## Activity
Write out the lines of the material below exactly, beginning at the line with "ABOUT THIS ARTWORK: CHIHUAHUA" and stopping after the line with "Mochila Feminina Casual", and leave out the pictures.
____ Records supplied
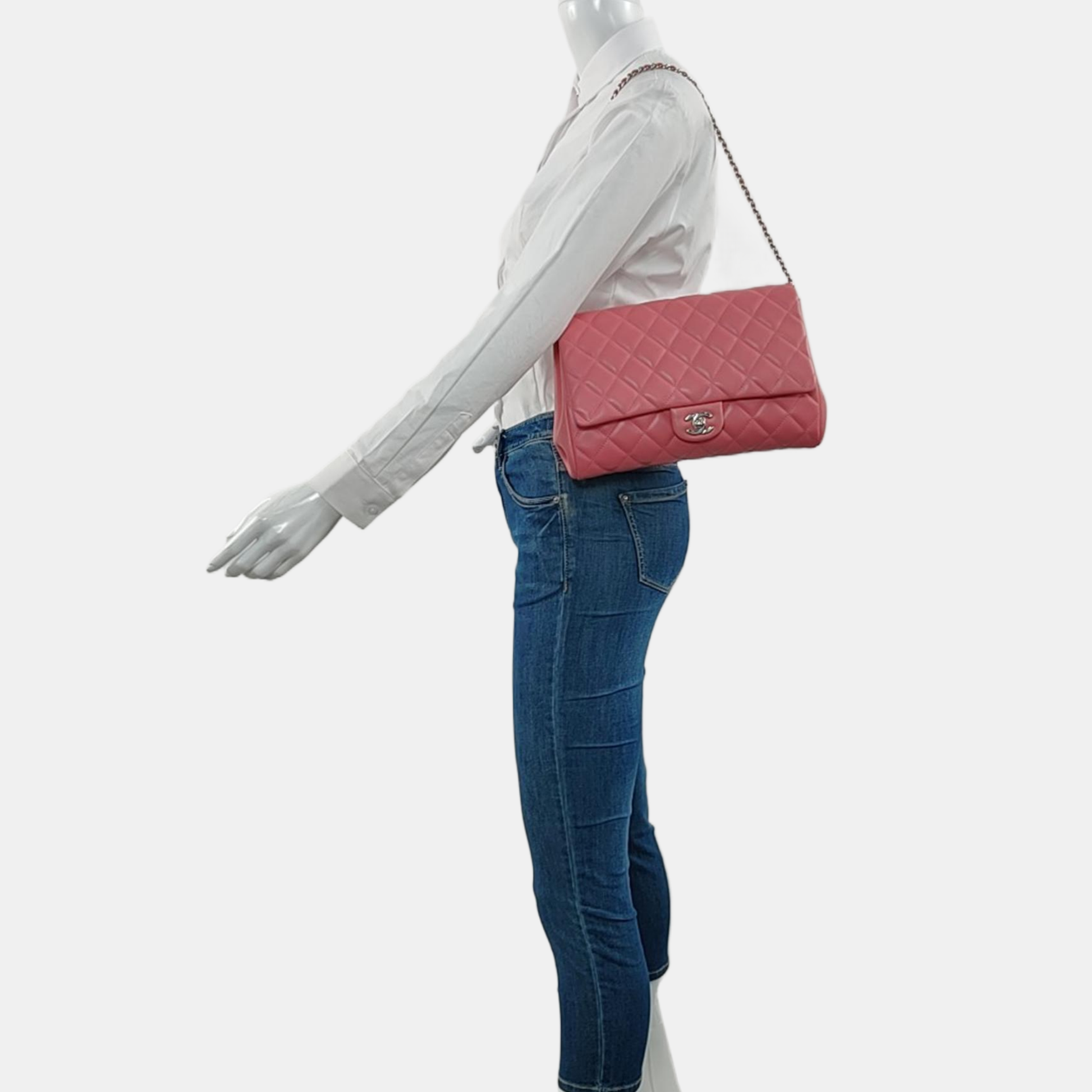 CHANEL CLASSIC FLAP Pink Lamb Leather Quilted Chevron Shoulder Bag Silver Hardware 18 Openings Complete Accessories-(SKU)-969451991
________
____ Records supplied
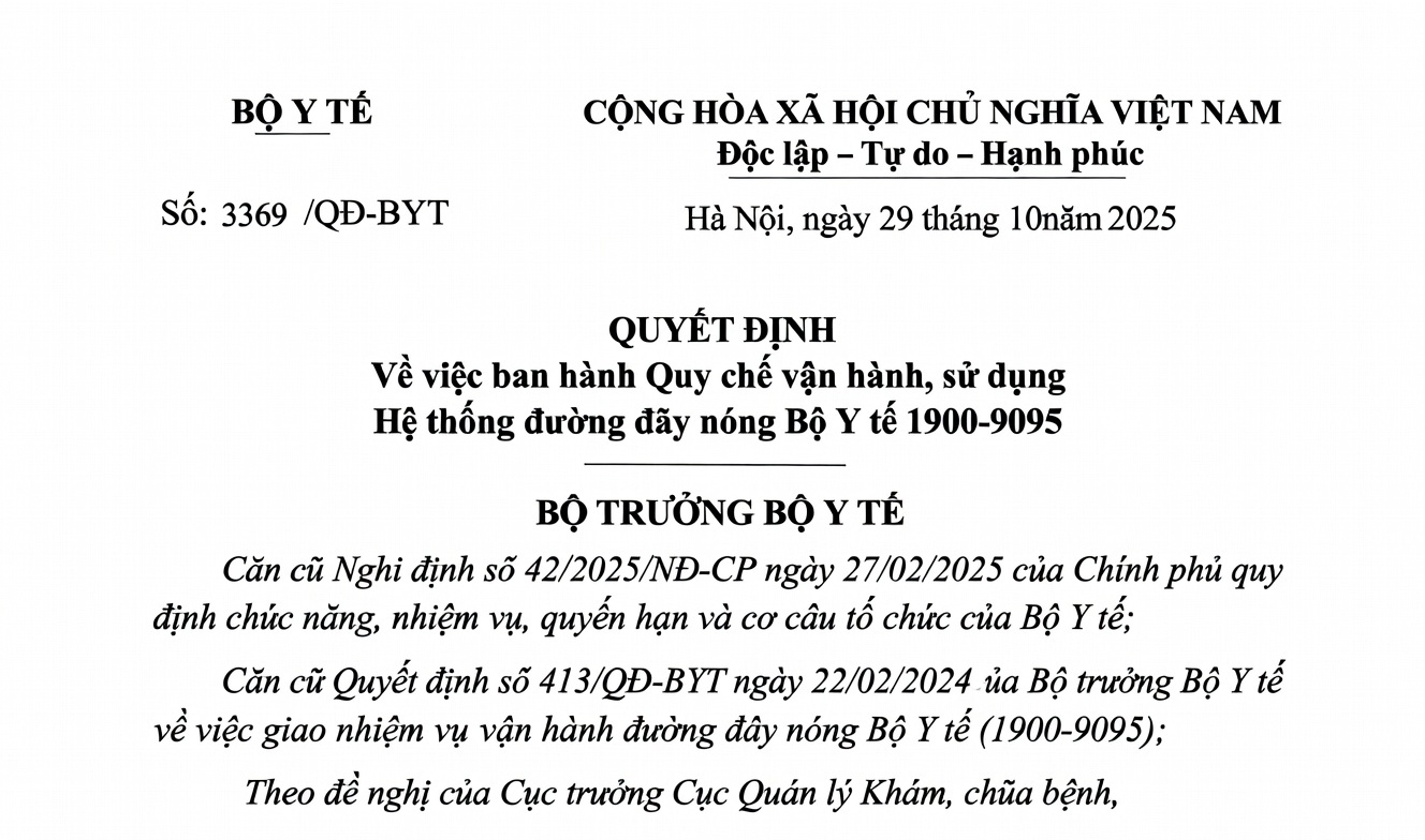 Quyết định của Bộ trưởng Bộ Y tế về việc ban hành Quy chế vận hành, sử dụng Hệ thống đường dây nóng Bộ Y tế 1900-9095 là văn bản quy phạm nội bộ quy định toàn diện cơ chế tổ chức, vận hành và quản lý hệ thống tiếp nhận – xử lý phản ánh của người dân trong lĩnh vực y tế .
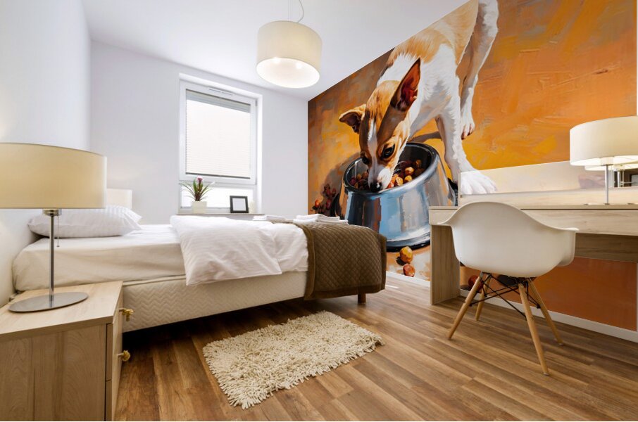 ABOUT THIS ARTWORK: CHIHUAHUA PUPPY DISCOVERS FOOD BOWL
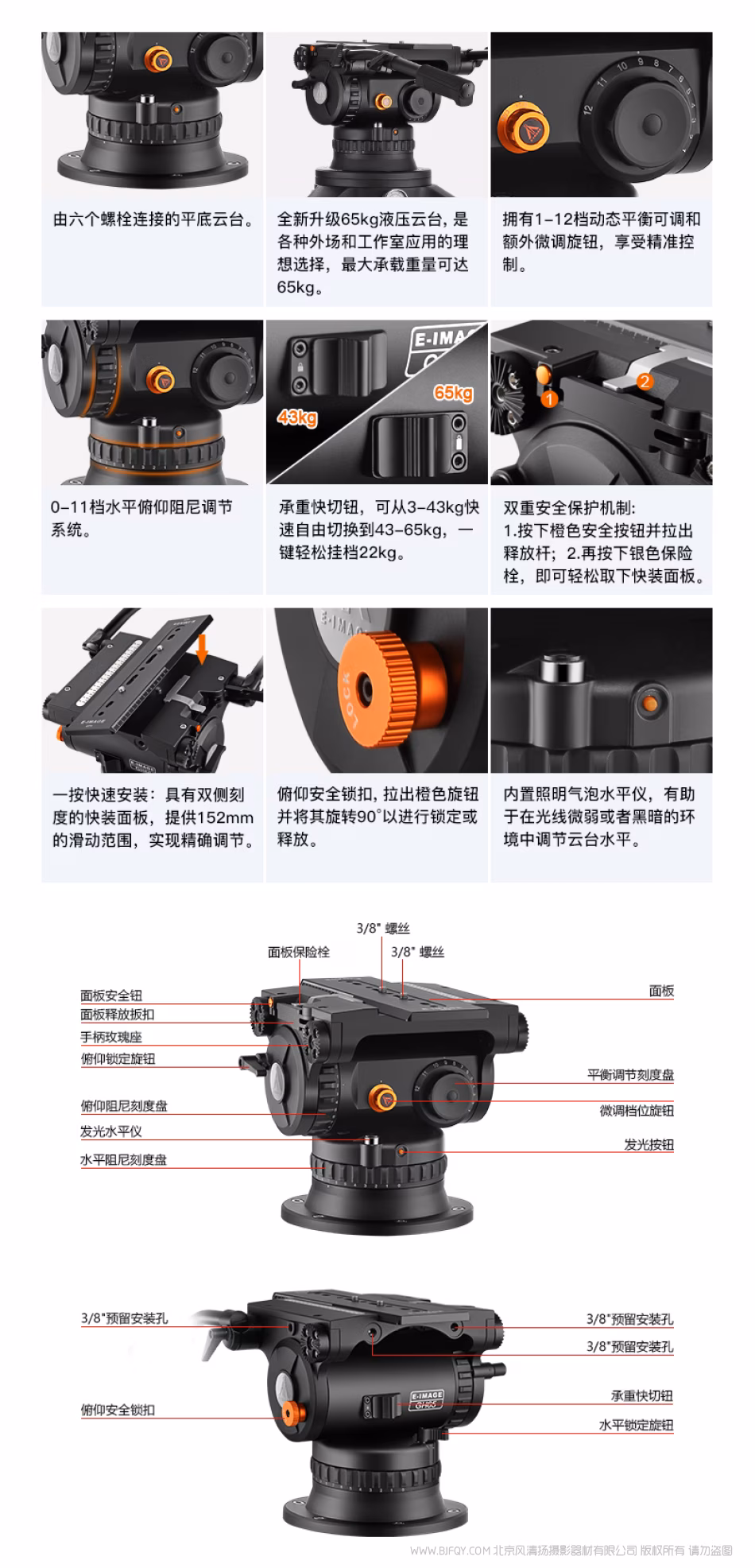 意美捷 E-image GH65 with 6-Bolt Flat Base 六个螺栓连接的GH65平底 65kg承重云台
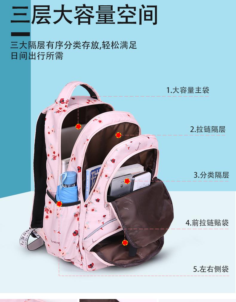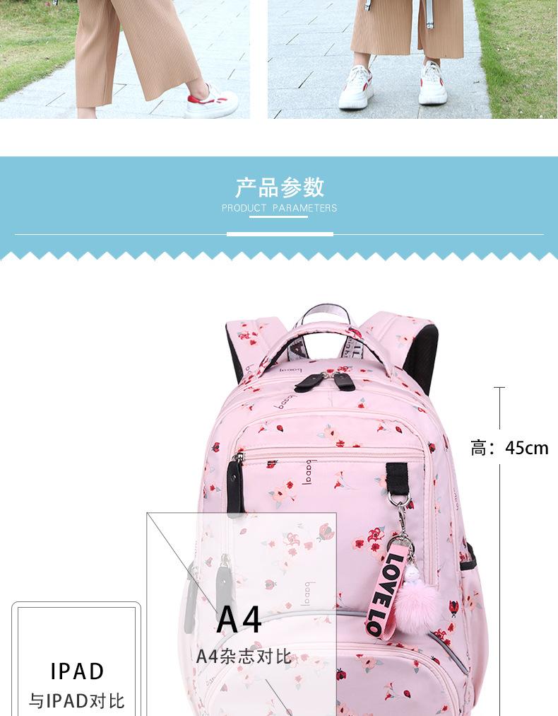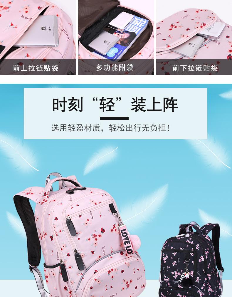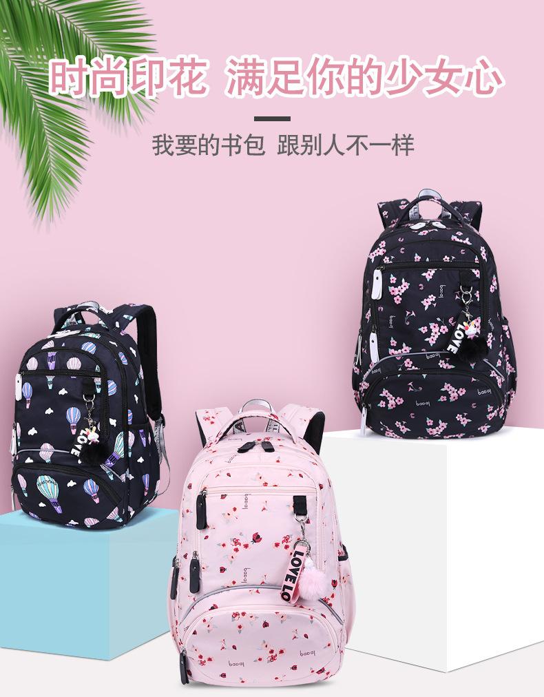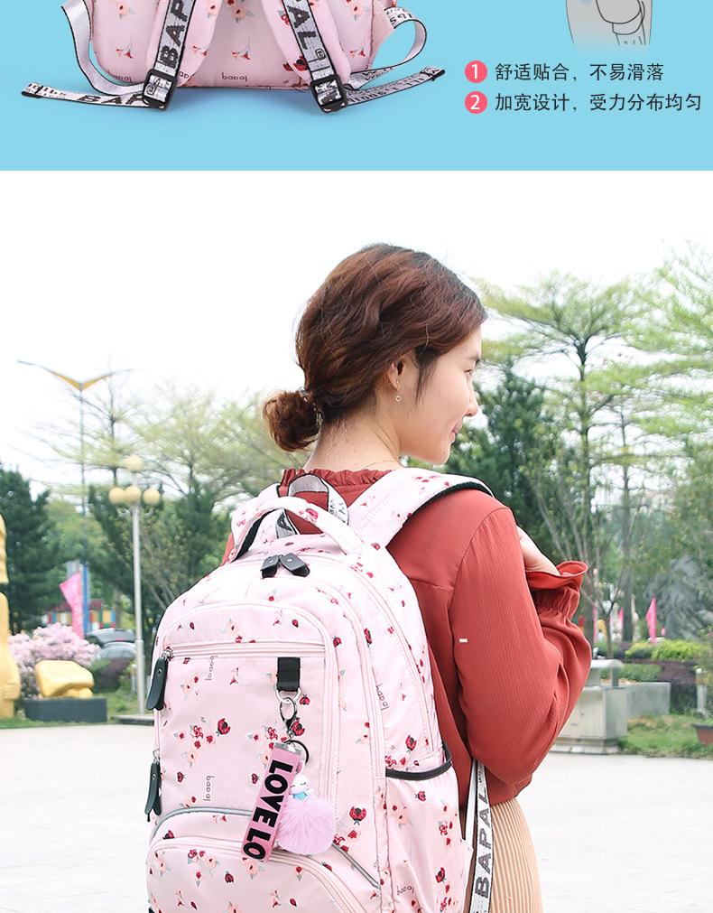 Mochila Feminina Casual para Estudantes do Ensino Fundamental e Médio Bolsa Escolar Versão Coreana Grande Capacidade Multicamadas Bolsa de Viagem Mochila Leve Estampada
________
____ Records supplied
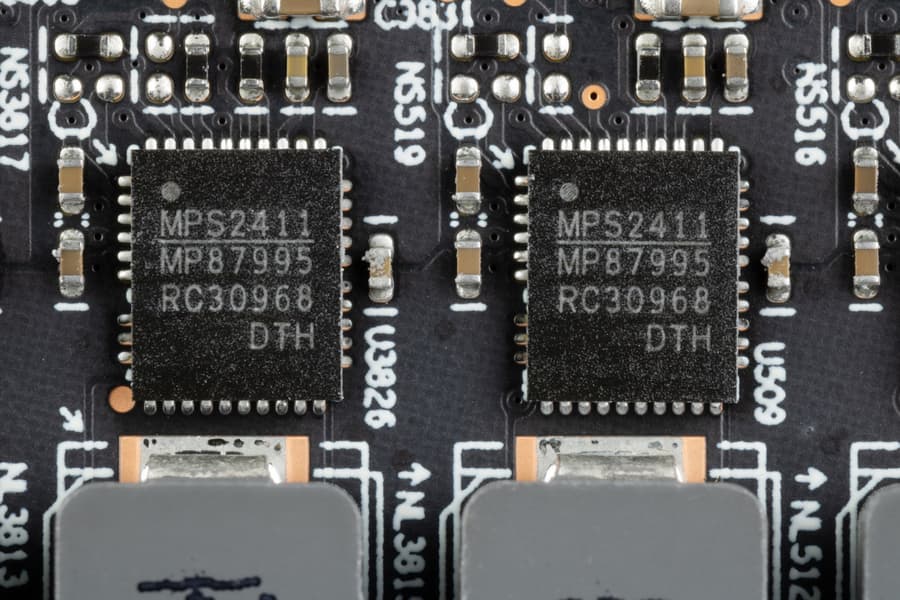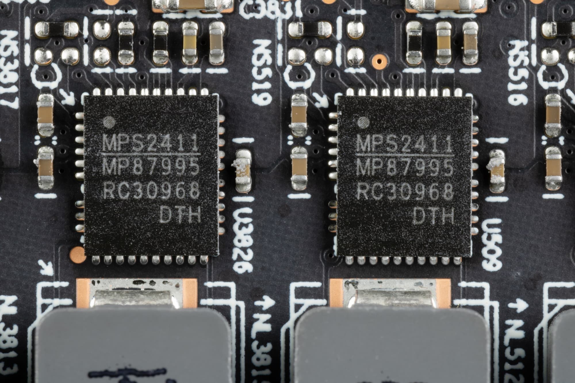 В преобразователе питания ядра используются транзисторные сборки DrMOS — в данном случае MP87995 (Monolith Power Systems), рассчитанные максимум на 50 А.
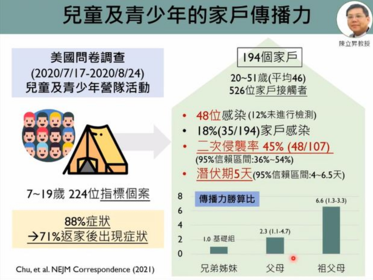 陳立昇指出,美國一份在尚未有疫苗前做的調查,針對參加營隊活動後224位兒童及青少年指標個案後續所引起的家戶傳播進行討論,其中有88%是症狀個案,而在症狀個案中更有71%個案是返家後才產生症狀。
________
## Problem solution
 ABOUT THIS ARTWORK: CHIHUAHUA PUPPY DISCOVERS FOOD BOWL
 意美捷 E-image GH65 with 6-Bolt Flat Base 六个螺栓连接的GH65平底 65kg承重云台
 Mochila Feminina Casual para Estudantes do Ensino Fundamental e Médio Bolsa Escolar Versão Coreana Grande Capacidade Multicamadas Bolsa de Viagem Mochila Leve Estampada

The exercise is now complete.